The Château Palmer Margaux 2011 features a slightly higher percentage of Merlot than usual in the blend of 55 percent Merlot and 45 percent Cabernet Sauvignon. It shows an ample core of kirsch and bright cherry fruit that is very expressive, with flecks of white pepper, violet and tobacco. The nice racy acidity is well-embedded. It has solid length with a velvety edge in reserve that lets extra cassis and violet notes emerge, and it should stretch out nicely during the rest of its élevage (92-95, non-blind).
Just across a swath of vines from Château Palmer sits the very Oxford college–looking, red brick–accented Château Cantenac-Brown. General director and Portugal native José Sanfins has been here since 1989. He started his tenure with Jean-Michel Cazes when the estate was part of the AXA portfolio, and he stayed on following the château's sale to an English family in 2006. (Sanfins got his start at Quinta do Noval with Christian Seeley before coming to Bordeaux).
The 118-acre estate also has 7.4 acres in Bordeaux Supérieur which goes to its Château Brown-Lamartine label.

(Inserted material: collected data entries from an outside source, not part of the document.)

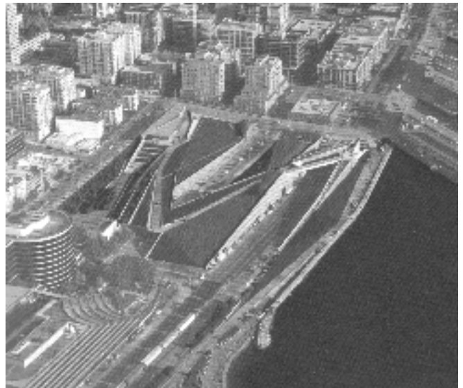
Olympic Sculpture Park in Seattle WA.

Sculptures include works by Anthony Caro, Richard Serra, Alexander Calder, Louise Bourgeois and Mark Di Suvero.
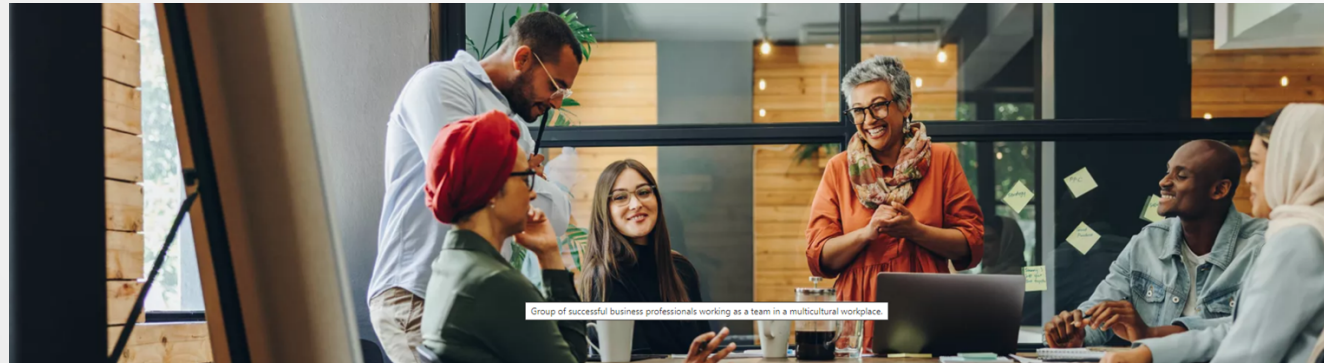
Group of successful business professionals working as a team in a multicultural workplace.
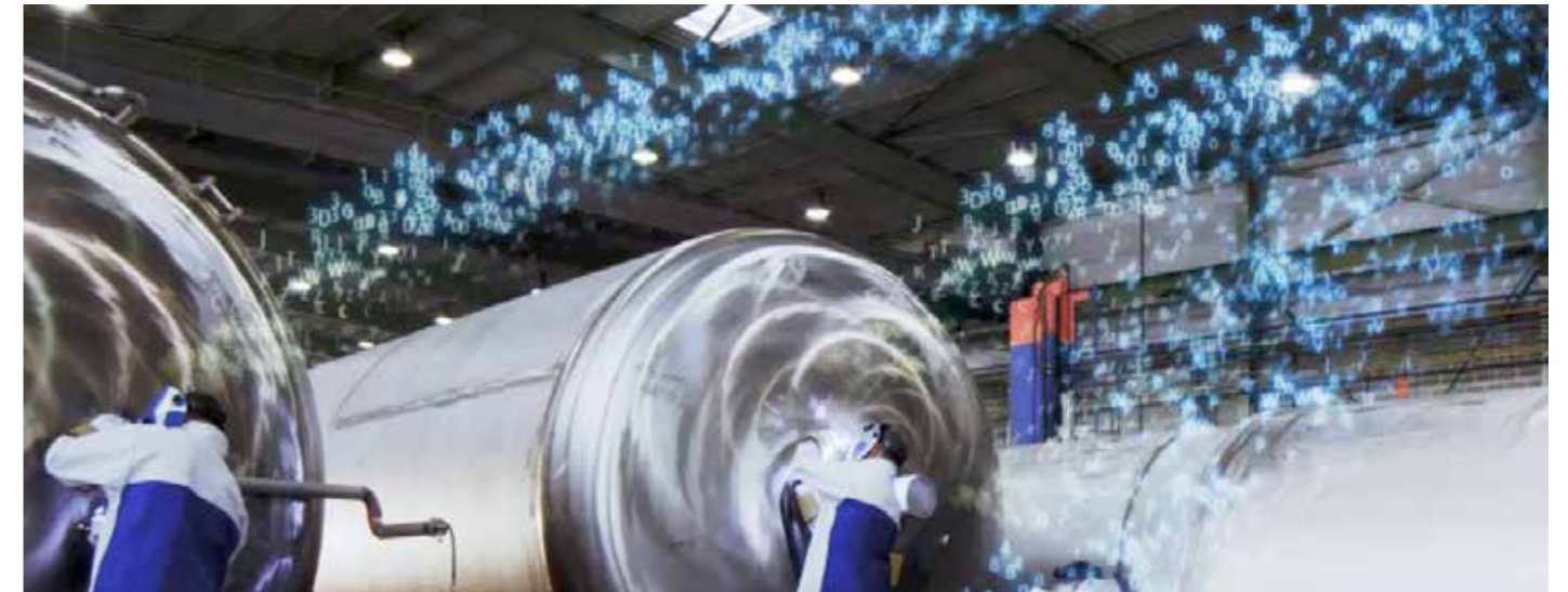
Equip your welders with the technology they need to deliver enhanced traceability and quality.
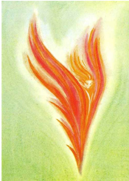
Salamander as seen by Geoffrey Hodson

Overall they do not have a fixed form as they consist primarily of streams of fiery energy. When viewed by humans, they display a distinct human face when not veiled by flames. Their eyes are then slanted upwards and strangely lit by fiery power. The head surrounded and outlined by flickering, orange-red little flames. Salamanders vary in height from two or three feet to the great colossi of fire-power who are the Fire Lords associated with the sun.
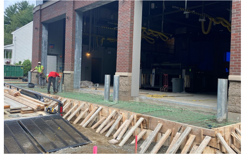
Preparation for concrete pour
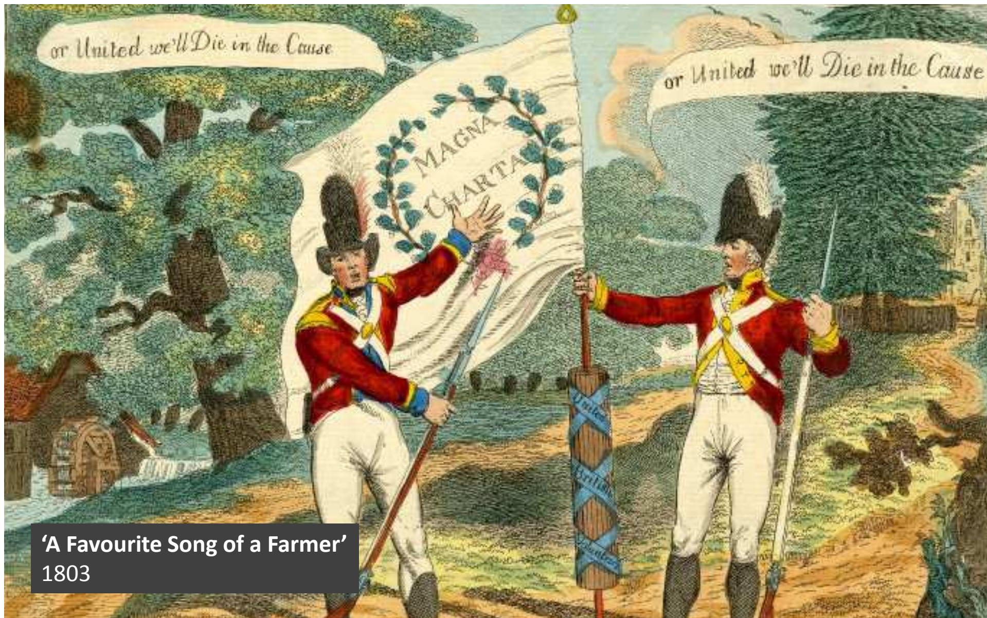
'A Favourite Song of a Farmer' 1803
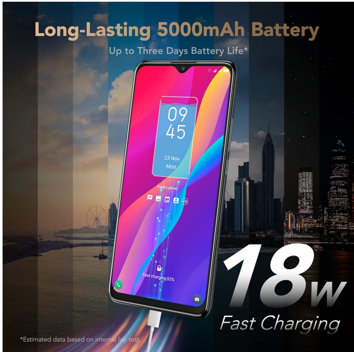
Image: The TCL 30XL connected to an 18W fast charger, illustrating its 5000mAh battery capacity.

Before first use, it is recommended to fully charge your TCL 30XL. Connect the included power adapter to the USB Type-C port at the bottom of the phone. The device supports 18W fast charging for quick power replenishment of its 5000mAh battery.

As with most other estates in the Margaux AOC, yields were lower in '11 and the resulting selection made for a lower percentage in the grand vin—just 50 percent of the crop in 2011, as opposed to a more usual 60 percent.
"We also used the optical sorter for the first time in '11," said the soft-spoken Sanfins. "And it really helped sort the unripe berries, which were in same bunches. In the end our yield was [2.2 tons per acre]. And I think if your yields were [2.5 tons, 3 tons] or higher, it would have been difficult to get the density of fruit to match the tannins that came from the small berries and their thick skins."

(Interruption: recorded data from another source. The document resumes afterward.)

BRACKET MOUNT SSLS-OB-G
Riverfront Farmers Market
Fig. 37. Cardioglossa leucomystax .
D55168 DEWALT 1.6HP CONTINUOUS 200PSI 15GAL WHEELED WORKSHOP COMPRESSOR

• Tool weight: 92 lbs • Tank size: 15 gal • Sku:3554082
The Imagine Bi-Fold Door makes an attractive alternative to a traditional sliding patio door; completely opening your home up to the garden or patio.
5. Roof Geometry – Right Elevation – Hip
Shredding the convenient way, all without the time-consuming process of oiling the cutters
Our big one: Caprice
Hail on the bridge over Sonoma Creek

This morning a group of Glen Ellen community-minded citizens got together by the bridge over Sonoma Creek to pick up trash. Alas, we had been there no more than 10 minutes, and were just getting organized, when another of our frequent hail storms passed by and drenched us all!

The second wine here, selected in the vineyard ahead of time, features more Merlot and is vinified accordingly, with less extraction for a softer, more approachable style.
The Château Cantenac-Brown Margaux BriO 2011 is soft and very open with easy plum and currant fruit offset by a light cherry pit edge that keeps the finish honest. There's just a touch of modest toast. The Château Cantenac-Brown Margaux 2011 is ripe and succulent, with an expressive, sappy edge to the kirsch, tobacco and iron notes, with good cut and length, offering potentially outstanding quality. (Note: Official scores and reviews based on blind tastings will appear after my full-scale tastings next week.)

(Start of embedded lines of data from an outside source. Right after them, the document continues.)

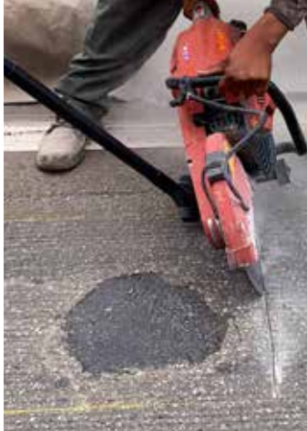
It is important to make clean cuts around the perimeter of area to be repaired.
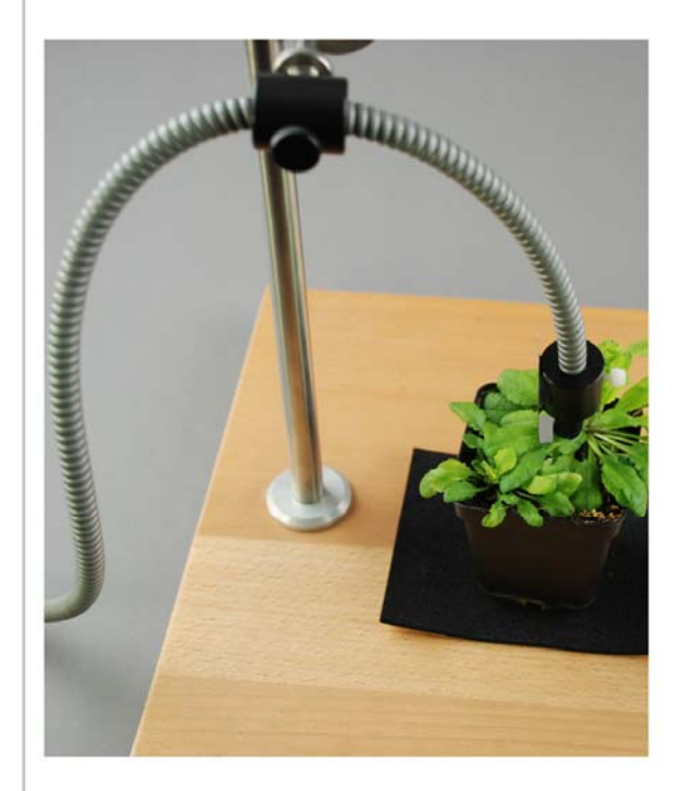
DUAL-BA in use -Overview
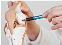
Shocking 10 second joint relief trick that's...
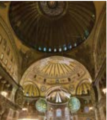
The Magical Place Where East Meets West Istanbul, Turkey
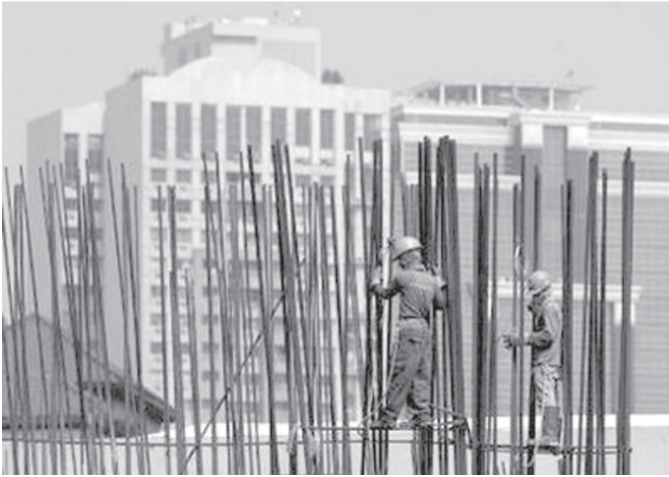
Construction workers prepare steel bars before cement is poured at a building project in Manila on 14 Nov, 2008. The Philippine economy is expected to slow further to post growth of 3.7 to 4.7 percent next year from 4.1 to 4.8 percent this year as the global financial crisis dampens domestic and external demand.—INTERNET
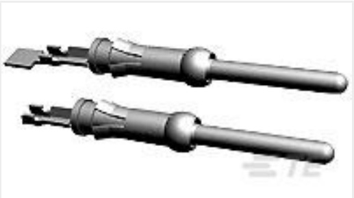
TE Part #1-66361-4 III+ PIN,18-14,30AU/FL,LP
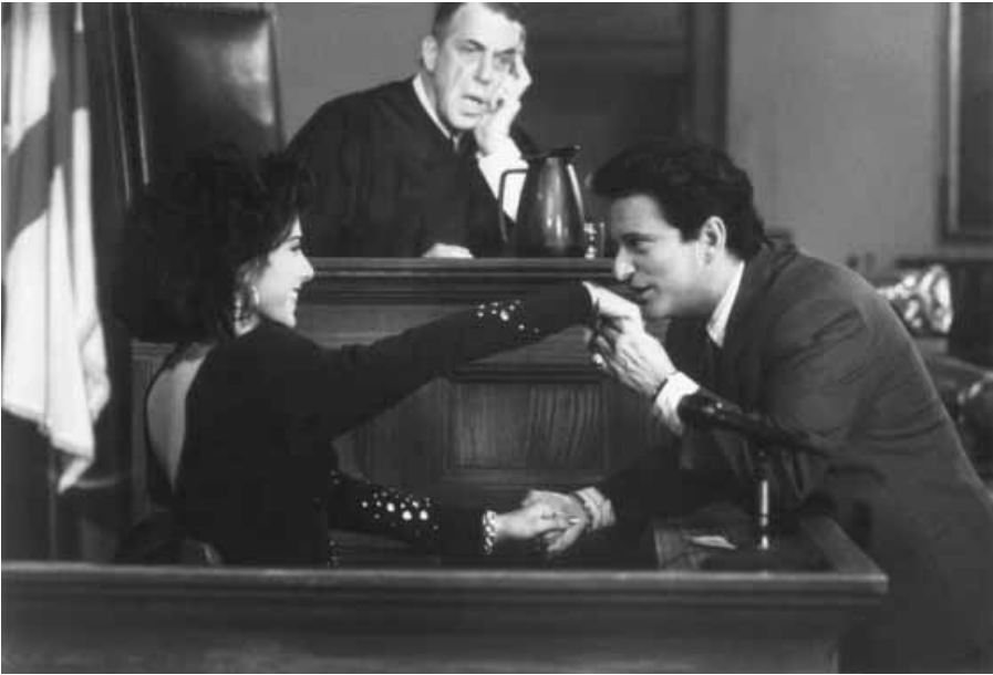
8. My Cousin Vinny : The antilawyer turned lawyer hero. (Marisa Tomei, Fred Gwynne, Joe Pesci)

highly addictive crack that was subject to the most severe criminal penalties.
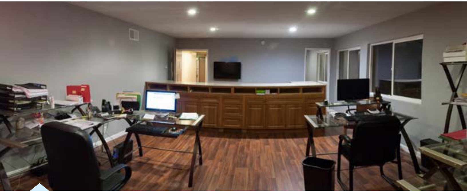
Clubhouse sales and administrative office now features an entry counter to serve residents. Conference room, not shown, adjoins office. Remaining first floor facilities, including the public lounge, sauna rooms and bathrooms, are expected to be finished by late April.

T he Summit's 4,000 square-foot Clubhouse is now being remodeled and redecorated as part of a plan to upgrade the park's amenities for the first time since the 59-acre enclave's inception in 1979.

There's a surprise here as well: the estate's first white wine. The Château Cantenac-Brown Bordeaux White AltO comes from a 4.4-acre parcel that was recently planted. The final wine (a blend of 90 percent Sauvignon Blanc and 10 percent Sémillon) is fermented entirely in barrel but none new, as Sanfins said he was "looking for a style like Sancerre, to enjoy with food." It's very bright, with a bold white peach core and a pure floral and citrus-tinged finish. It's very refreshing, with a hint of citrus oil adding weight. The delicious wine shows how good whites are looking in '11, and it is potentially outstanding in quality.
It was also very instructive to see the '08, '09 and '10 vintages side by side here during my visit. The '08, slightly firm, with its tobacco and black currant fruit notes, was very good (it earned 89 points officially when reviewed), but clearly outclassed by the richer, more voluptuous '09 (which earned 92 points officially). And then there was the '10, which continues to take on extra definition, length and depth, with captivatingly pure aromas and a mouthwatering feel. It was nearly as big a step from the '09 to the '10 as it was from the '08 to the '09, a characteristic that I have seen at nearly every château where I have recently tasted those vintages side by side.